Intercontinental Exchange (ICE) is acquiring Interactive Data (IDC) from private equity firms Silver Lake and Warburg Pincus in a cash and stock deal valued at about $5.2bn (£3.39bn,€4.7bn). It would pay $3.65bn in cash and the balance in ICE stock to conclude the deal.

The deal has been approved by the boards of both the companies and is expected to close by the end of the year. The acquisition of the financial data and analytics provider will help ICE to grow its market data business by adding technology platforms and increasing new data and valuation services. ICE said it expected cost synergies of $150m over a three-year period due to the deal.

According to Burton-Taylor International Consulting, post the deal, ICE will be the third largest financial market data provider, after Bloomberg and Thomson Reuters. ICE, which is valued at about $27.5bn, owns the New York Stock Exchange (NYSE) apart from ten other exchanges and seven clearing houses.

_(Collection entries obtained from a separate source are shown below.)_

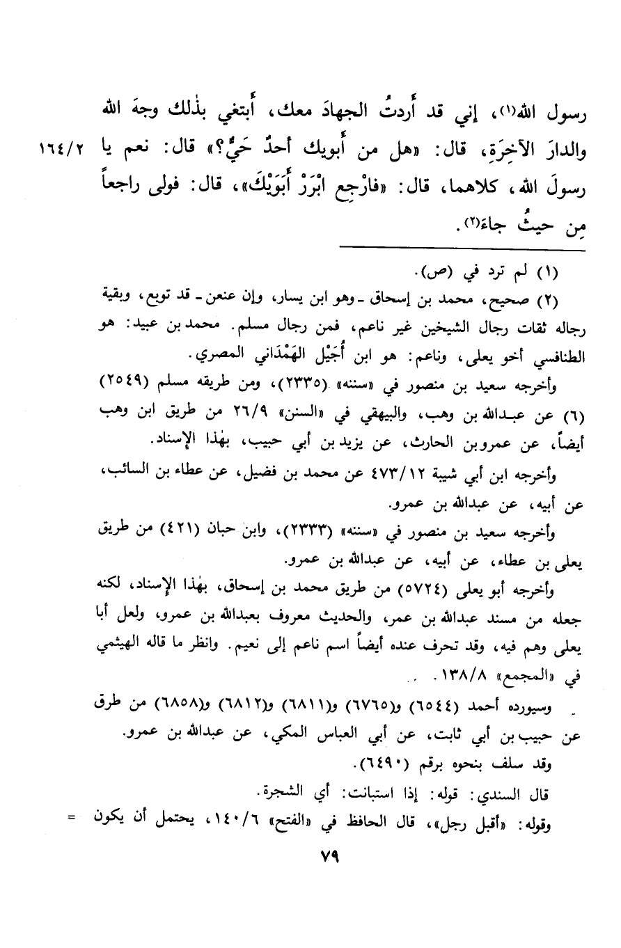 رَسُولَ اللهِ (١) ، إِنِّي قَدْ أَرَدْتُ الْجِهَادَ مَعَكَ، أَبْتَغِي بِذَلِكَ وَجْهَ اللهِ وَالدَّارَ الْآخِرَةَ، قَالَ: " هَلْ مِنْ أَبَوَيْكَ أَحَدٌ حَيٌّ؟ " قَالَ: نَعَمْ يَا رَسُولَ اللهِ، كِلَاهُمَا قَالَ: " فَارْجِعِ ابْرَرْ أَبَوَيْكَ " قَالَ: فَوَلَّى رَاجِعًا مِنْ حَيْثُ جَاءَ (٢)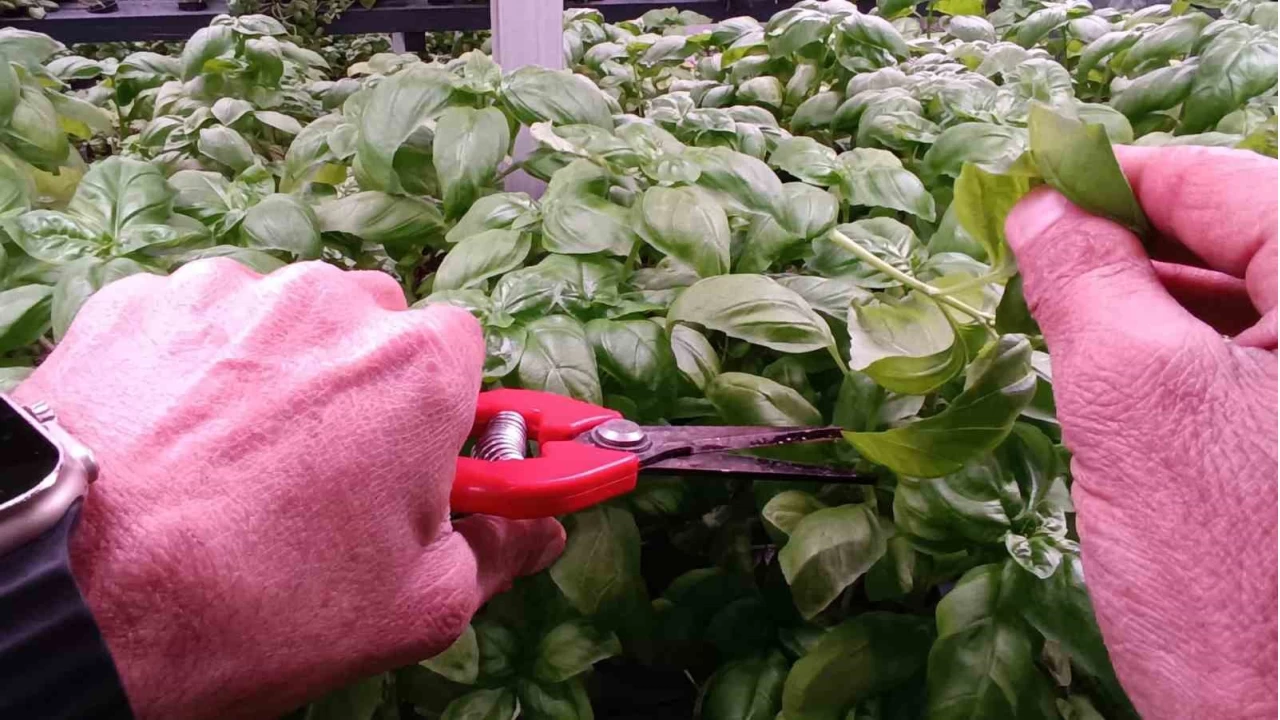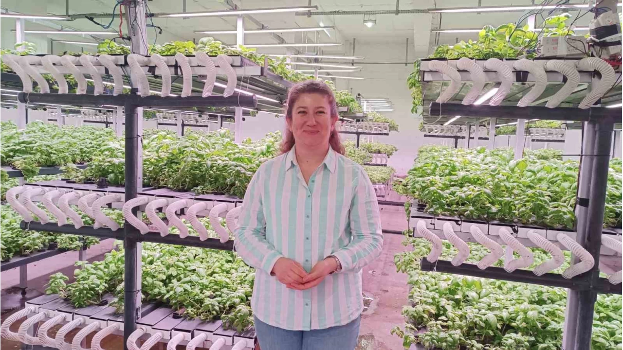Yaklaşık 30 milyon TL'lik yatırımla eksi birinci katta hayata geçirilen hidroponik sera, 1100 metrekarelik dikey üretim alanıyla klasik 6 dönümlük seraya eş değer kapasite sağlıyor. Topraksız tarım yönteminin en gelişmiş örneklerinden biri olan tesiste, fesleğen başta olmak üzere pek çok aromatik bitki üç katlı sistemde yıl boyunca kontrollü şekilde yetiştiriliyor.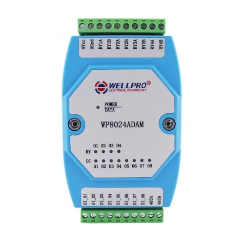 Este módulo usa o padrão de comunicação RS-485 MODBUS RTU, podendo ser configurado com uso de seu software. Possui LED indicador de status para entrada e saída, seu circuito de comunicação é projetado para proteger contra raios e interferências.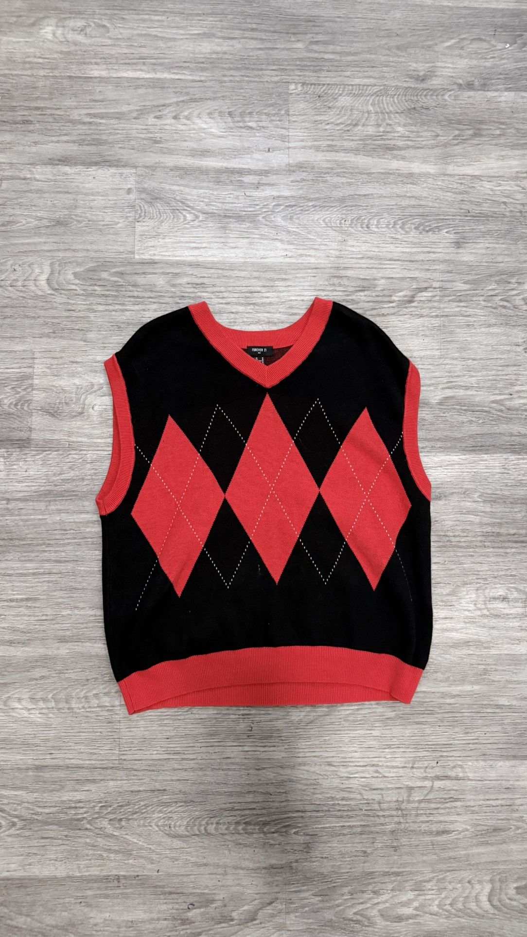 Forever 21 Red And Black Argyle Sweater Vest Size: Medium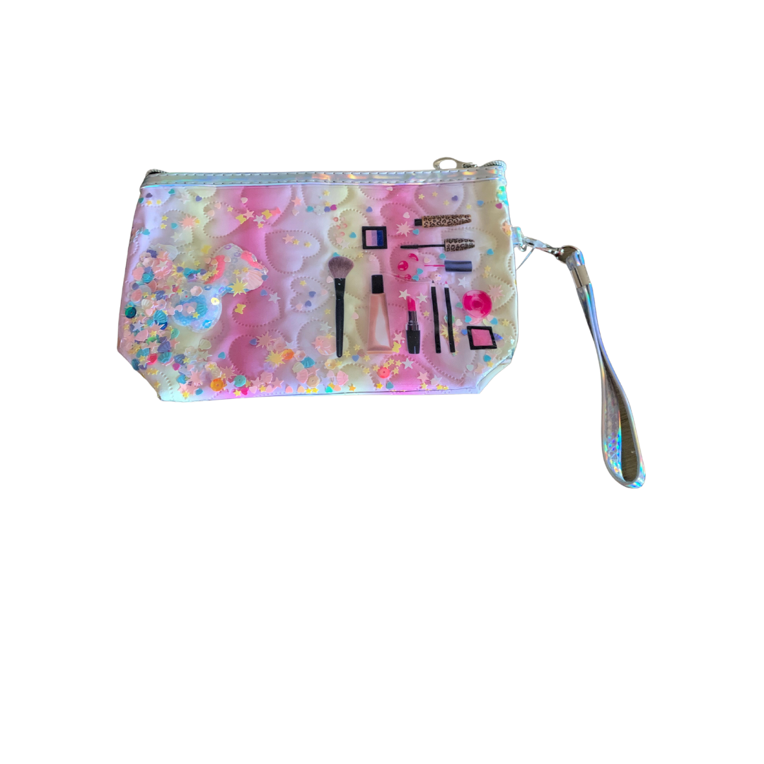 Makeup Printed Shaker Glitter Pouch - Zipper Closure - with a Detachable Wrist Strap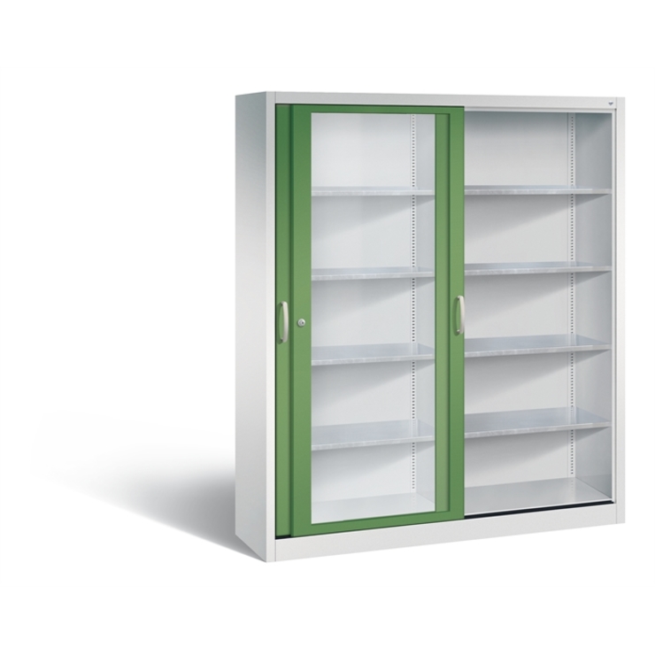Stahl-Schiebetürenschrank Acurado-2000, Korpus aus stabiler Stahlkonstruktion mit hochwertiger Einbrennbeschichtung für hohe UV-Beständigkeit, mit Kunststoffgleitern als praktischer Schrank- und Fußbodenschutz, hohe Flexibilität der Inneneinrichtung durch Höhenverstellbarkeit im 15 mm Raster, Türen mit Sichtfenster aus Acrylglas für direkten Einblick, mit geschlossenen Seitenprofilen für höchste Stabilität, leichtgängige Bedienung durch Leichtlaufrollen in spezieller Schienenführung, 1 Wechselzylinder matt vernickelt mit 2 Schlüsseln, 2 Ergonomische Bügelgriffe Ergolock aus Metall für einfache Bedienung, matt vernickelt, 8 Einlegeböden aus Stahl, verzinkt, mit hoher Traglast 70 kg, Maße (H x B x T): 1950 x 1600 x 400 mm, Korpus: RAL 7035 Lichtgrau, Türen: RAL 6011 Resedagrün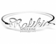Il bracciale è rigido così da non ruotare sul braccio e restare sempre con il nome sopra. La maglia è lucida a canna rettangolare, con un diametro interno che oscilla da 6 cm fino a 7 cm (in base alla lunghezza del nome). La lunghezza massima del nome è di 4.00 cm, si ribadisce e consiglia quindi di richiedere al massimo 9 caratteri da intagliare per ottenere un risultato visivo ottimale.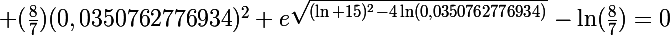 (0,0350762776934)^2 e^{\sqrt{(\ln 15)^2-4\ln(0,0350762776934)}}-\ln(\frac{8}{7})=0)

It overbid other interested suitors such as Nasdaq and Markit by several hundred million dollars to clinch IDC, which also drew interest from many bidders, because of its products in the bond pricing vertical that none of its peers have.

The transaction reflects ICE's view of the growing opportunity to make money from bond-price data, which is among the best-known products of IDC as the buying and selling of corporate debt shifts to electronic marketplaces.

Silver lake and Warburg Pincus acquired Interactive Data in July 2010, following which IDC's shareholders were entitled to receive $33.86 in cash for each share of common stock owned. This also led to IDC's delisting from the NYSE. Both the PE firms now stand to triple their investments from the ICE deal.